C = multcompare (STATS) performs a multiple comparison using a STATS structure that is obtained as output from any of the following functions: anova1, anova2, anovan, kruskalwallis, and friedman. The return value C is a matrix with one row per comparison and six columns. Columns 1-2 are the indices of the two samples being compared. Columns 3-5 are a lower bound, estimate, and upper bound for their difference, where the bounds are for 95% confidence intervals. Column 6-8 are the multiplicity adjusted p-values for each individual comparison, the test statistic and the degrees of freedom. All tests by multcompare are two-tailed.

multcompare can take a number of optional parameters as name-value pairs.

[…] = multcompare (STATS, "alpha", ALPHA)

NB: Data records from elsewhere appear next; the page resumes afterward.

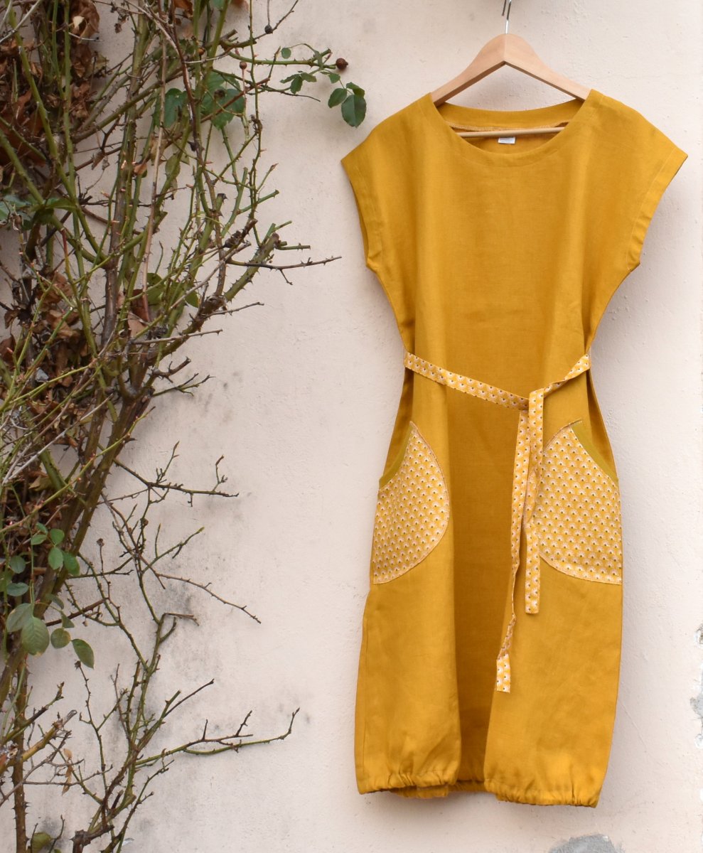 Šaty mají jednoduchý střih s kapsami, lze nosit volně nebo s páskem. Pásek lze nosit variabilně vpředu nebo stáhnout vzadu, v dolním lemu je šňůrka na případné stažení.
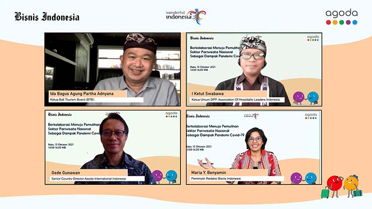 Jakarta, Media-profesi.com – Seiring pertumbuhan tingkat vaksinasi, dimana dunia dan Indonesia bergerak menuju era new normal, platform perjalanan digital global Agoda menggelar webinar bertajuk Berkolaborasi Menuju Pemulihan Sektor Pariwisata Nasional  Sebagai Dampak Pandemi Covid-19 pada 13 Oktober 2021 untuk membantu para mitra hotel skala besar dan kecil mendapat wawasan dan ide yang dapat membantu mereka dalam pemulihan.
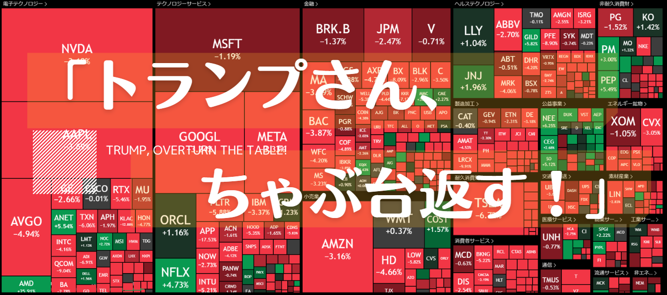 トランプさんが週末にちゃぶ台返しをしたので、銘柄もへったくれもなくなってしまいました。
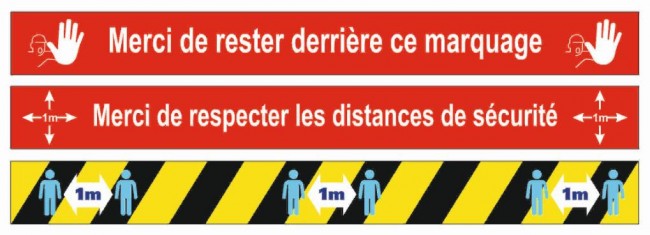 Les bandes de marquage au sol permettent de faire respecter les mesures de distanciation sociale dans les lieux recevant du public :
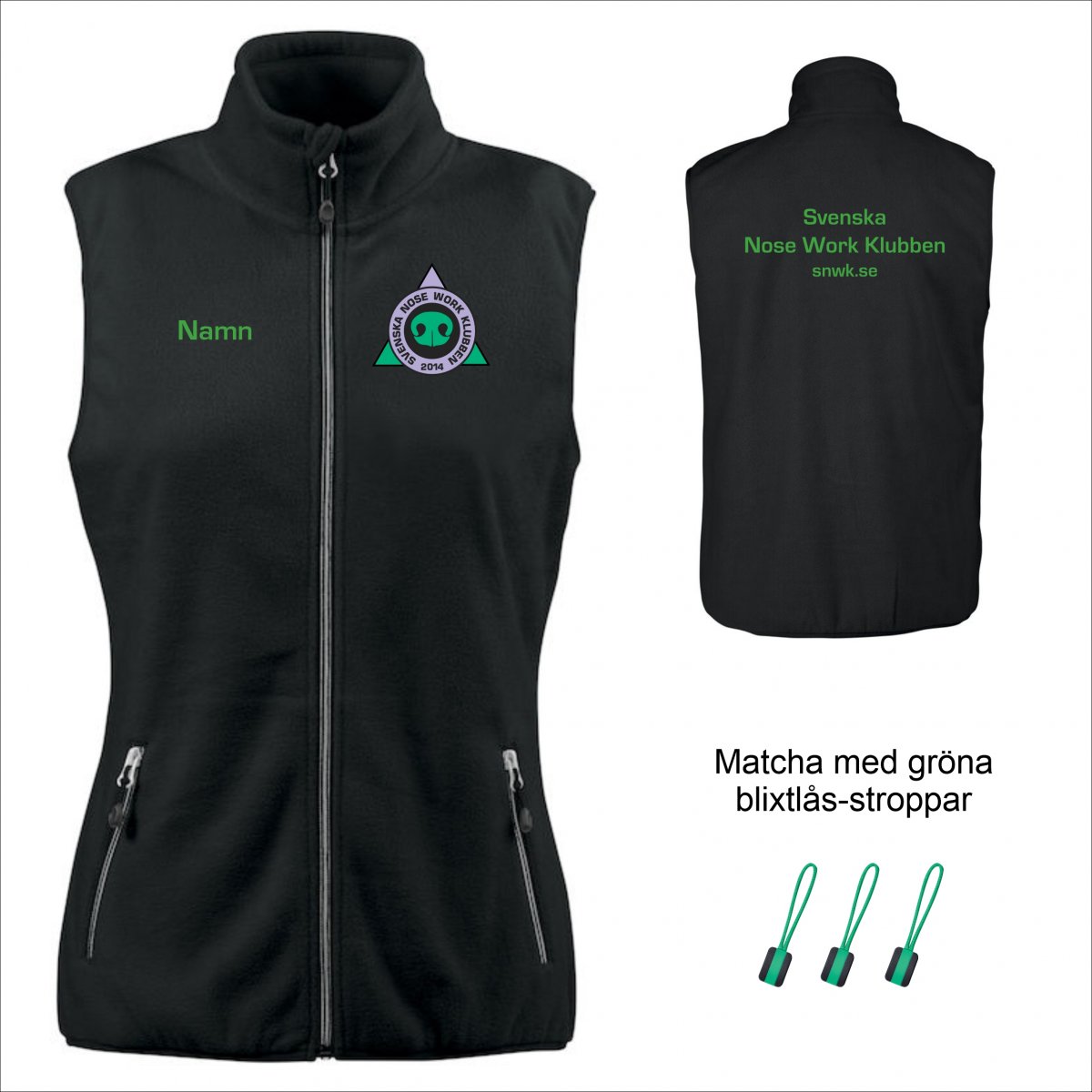 Dubbelsidigt borstad fleeceväst. Framfickor och öppning med kontrasterande dragkedjor. Elastisk tape i nederkant. Färg svart.

  • ALPHA sets the significance level of null hypothesis significance tests to ALPHA, and the central coverage of two-sided confidence intervals to 100*(1-ALPHA)%. (Default ALPHA is 0.05).

[…] = multcompare (STATS, "ControlGroup", REF)

  • REF is the index of the control group to limit comparisons to. The index must be a positive integer scalar value. For each dimension (d) listed in DIM, multcompare uses STATS.grpnames{d}(idx) as the control group. (Default is empty, i.e. [], for full pairwise comparisons)

[…] = multcompare (STATS, "ctype", CTYPE)

  • CTYPE is the type of comparison test to use. In order of increasing power, the choices are: "bonferroni", "scheffe", "mvt", "holm" (default), "hochberg", "fdr", or "lsd". The first five methods control the family-wise error rate. The "fdr" method controls false discovery rate (by the original Benjamini-Hochberg step-up procedure). The final method, "lsd" (or "none"), makes no attempt to control the Type 1 error rate of multiple comparisons. The coverage of confidence intervals are only corrected for multiple comparisons in the cases where CTYPE is "bonferroni", "scheffe" or "mvt", which control the Type 1 error rate for simultaneous inference.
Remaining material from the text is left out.